▶ **Provided data**
-.-.-
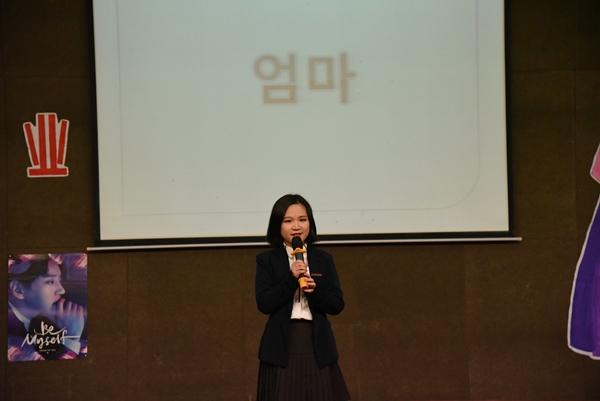 最后,朝鲜语外教金恩周老师对此次大赛做了总结发言,她首先肯定了所有参赛选手的表现,紧接着,她用自己的经历告诉同学们要多练习,不要轻易放弃。鼓励同学们在平时的练习中多锻炼说的能力,不断提升口语水平及个人素质。
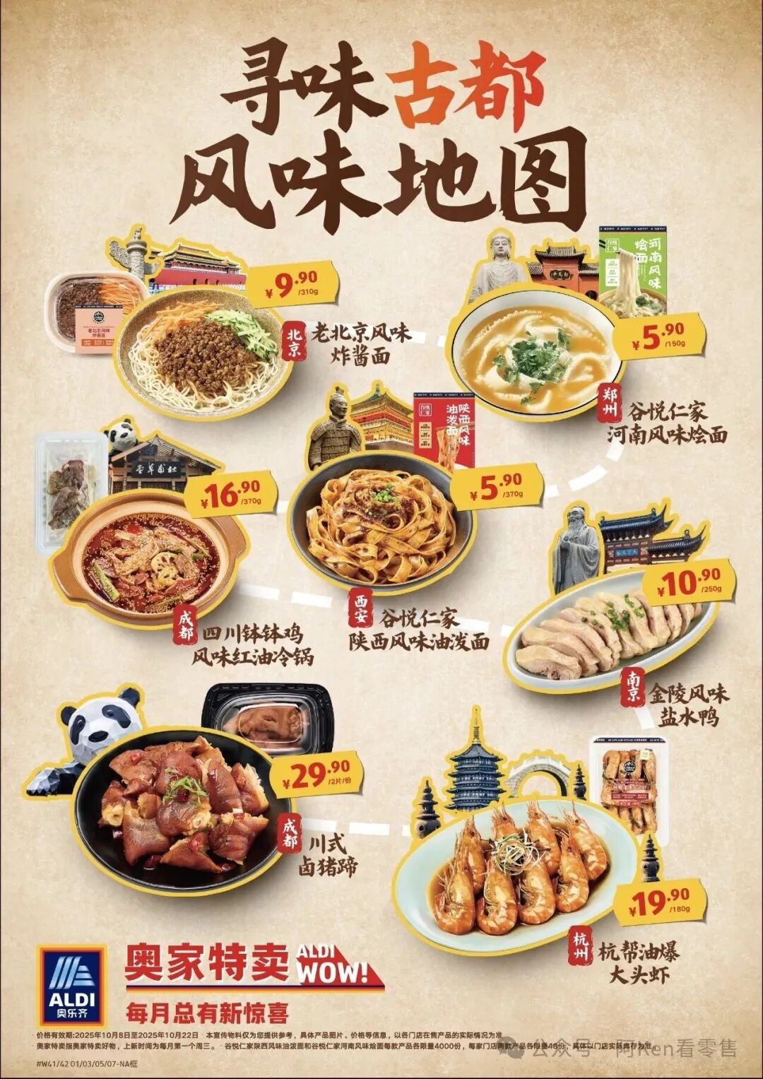 奧家特賣新的海報(每月第一個周三上新),這次的活動是“尋味古都風味地圖”;海報推廣了七個古都的口味,單價可以從5.9 到29.9,物價還真的是非常親民的。
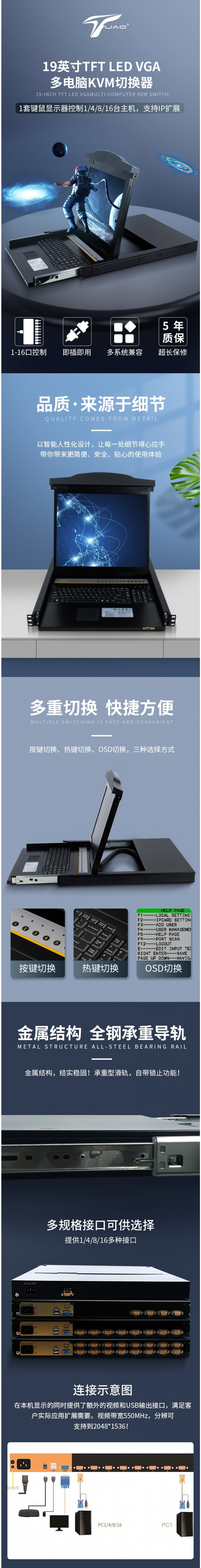 TUAO圖奧 四川成都總代理 kvm切換器19寸8口16口vga機(jī)柜顯示器服務(wù)器鍵盤鼠標(biāo)折疊機(jī)架式4路進(jìn)1出操作臺 TX-5901U(19寸1口VGA)
-.-.-
▶ **What is being asked**
All of the material above must be retyped exactly, line for line, with the images dropped.

▶ **Answer to this exercise**
 最后,朝鲜语外教金恩周老师对此次大赛做了总结发言,她首先肯定了所有参赛选手的表现,紧接着,她用自己的经历告诉同学们要多练习,不要轻易放弃。鼓励同学们在平时的练习中多锻炼说的能力,不断提升口语水平及个人素质。
 奧家特賣新的海報(每月第一個周三上新),這次的活動是“尋味古都風味地圖”;海報推廣了七個古都的口味,單價可以從5.9 到29.9,物價還真的是非常親民的。
 TUAO圖奧 四川成都總代理 kvm切換器19寸8口16口vga機(jī)柜顯示器服務(wù)器鍵盤鼠標(biāo)折疊機(jī)架式4路進(jìn)1出操作臺 TX-5901U(19寸1口VGA)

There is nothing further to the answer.